* Required work
Print exactly the lines below between the line containing "9,45 Start matinal" and the line containing "3D vizualizacijų interaktyvi", counting both of those lines. Leave pictures out.

(Excerpts from a dataset)
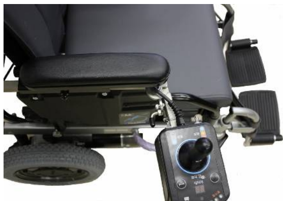
右のロック解除(フリー状態)
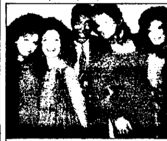
20,00 Designerele - serial distractiv SUA

9,45 Start matinal - magazin 10,00 Hopp sau kopp? - concurs tv 10,30 Sport 13,00 Eșecuri și pățanii
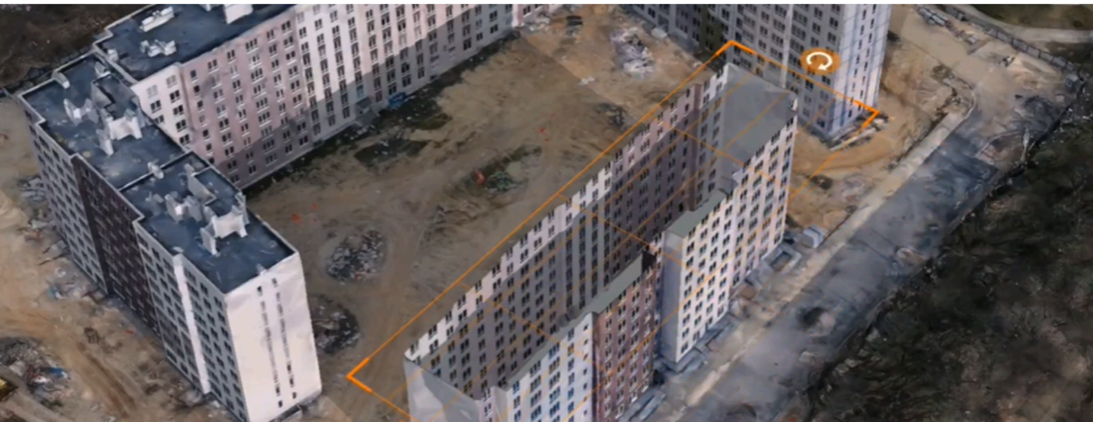
3D vizualizacijų interaktyvi Bučos ir Borodiankos atstatymo platforma

Antrasis tęsimas projektas – „Ateities mokykla Ukrainoje“, jo tikslas – sukurti adaptyvų techninį mokyklos projektą, kuris padėtų efektyviau, greičiau ir kokybiškiau atkurti sugriautą Ukrainos švietimo infrastruktūrą. Parengtu techniniu projektu galės nemokamai naudotis Ukrainos institucijos ir tarptautiniai partneriai, dalyvaujantys atstatant šią šalį.
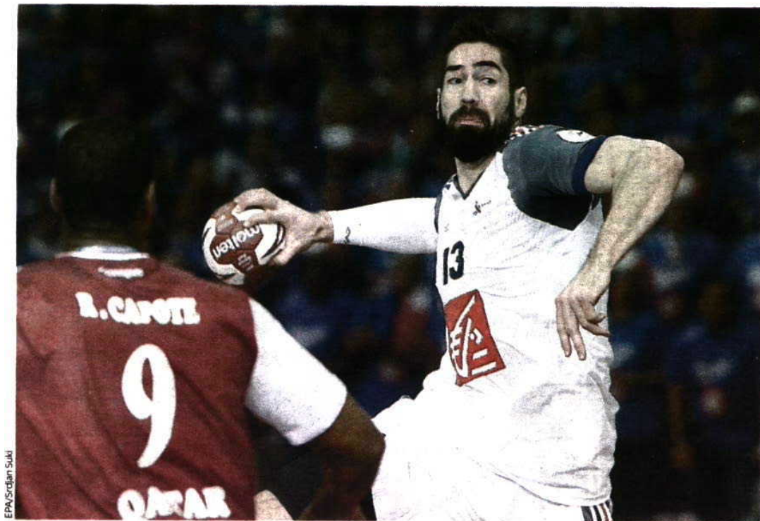
Estrela da seleção francesa de andebol, Nikola Karabatic pode ir a julgamento

ANDEBOL Cinco dias depois de dar o quinto título mundial à França, o melhor central da atualidade soube que terá de ir a tribunal
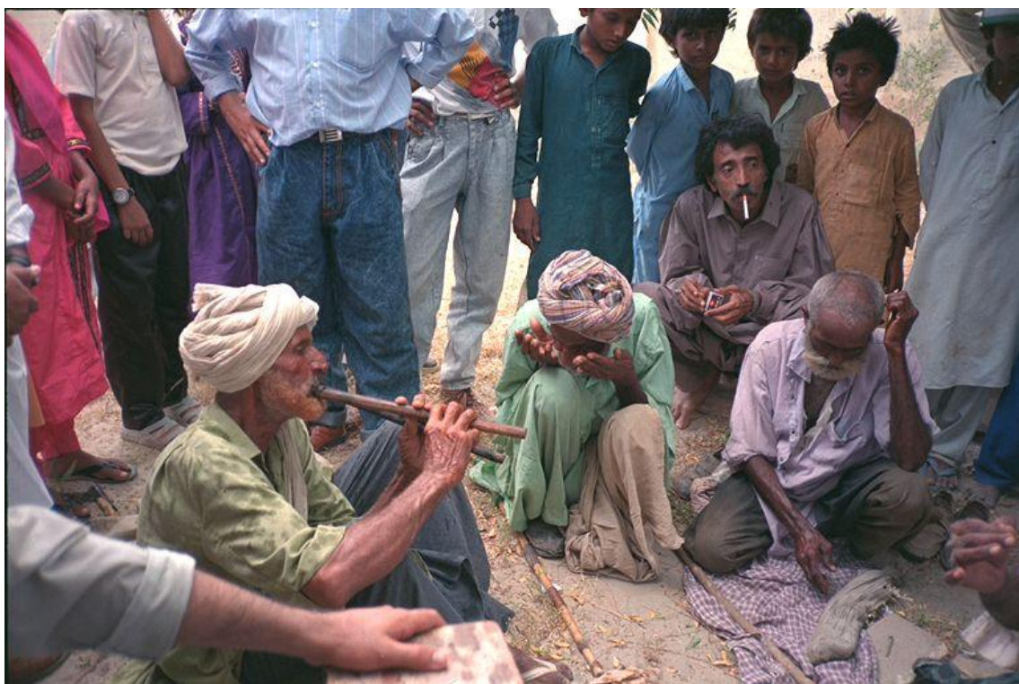
演奏に耳を傾ける村の人々
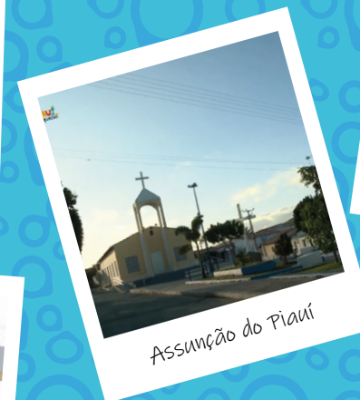
Assunção do Piauí
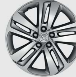
Ζάντα PHOENIX 17"

* Στον βασικό ή τον προαιρετικό εξοπλισμό, ή μη διαθέσιμο ανάλογα με την έκδοση.
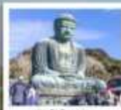
วัดโทคุชิน
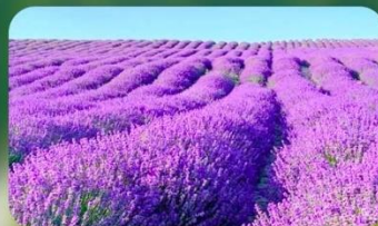
ทุ่งลาเวนเดอร์

* Completed exercise
9,45 Start matinal - magazin 10,00 Hopp sau kopp? - concurs tv 10,30 Sport 13,00 Eșecuri și pățanii
3D vizualizacijų interaktyvi Bučos ir Borodiankos atstatymo platforma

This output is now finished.